I - Developed ML (NLP) based product features from the ground up i.e. from data acquisition to production-ready API.
- Goal: Automatically extract key data from scanned contract documents - main dates and durations, parties.
- Data Acquisition: Managed remote teams to create several datasets of labeled contracts used to train ML models.
- Cleaning: detection and correction of labels, classes balancing.
- Machine learning: Built a python package that:
1) Extracts a collection of potential key data from a contracts database.
2) Trains binary classifiers (Random Forest) to select the right value from that collection. For example train a model to choose a contract’s effect date among all its detected dates on a large database of contracts.
3) Apply the “data extraction + trained model” pipeline on customers
II) Microservice delivering ML
Built an AWS based pipeline with terraform that delivers machine learning predictions as an API and stores predictions on CockroachDB.

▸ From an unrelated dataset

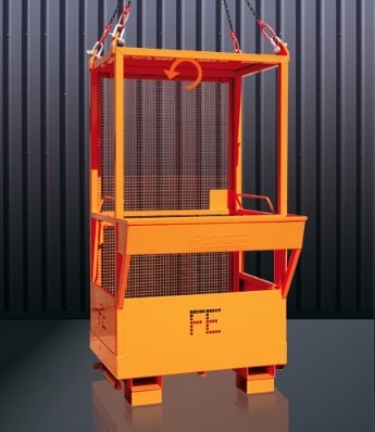 Cette nacelle de travail pour 2 personnes est adaptée pour un transport par chariot élévateur à fourche ou par grue.

- POC involved deep learning with keras.
- Built a project workflow to conciliate data scientists’ R&D processes with agile software development.
- Built a clean data science environment based on versioning of code, experiments with github, and data and models with DVC and Amazon S3.
Data wrangling, visualization, and machine learning for several companies -mainly banks. Worked mostly on recommendation systems.
Main tools involved during missions:
- R: tidyverse, RMarkdown, RShiny.
- Python: pandas, scikit-learn, Flask with PostgreSQL.
- Algorithms used for machine learning: Linear Regressions, CART, Random Forest or XGBoost most often.
Worked under the supervision of Matthew Dailey at AIT Vision and Graphics Lab. Created a deep learning software with Caffe. Given a database of surveillance videos and images of a person, the software tells in which videos and at which time the person appears. Purpose: Detection of criminals.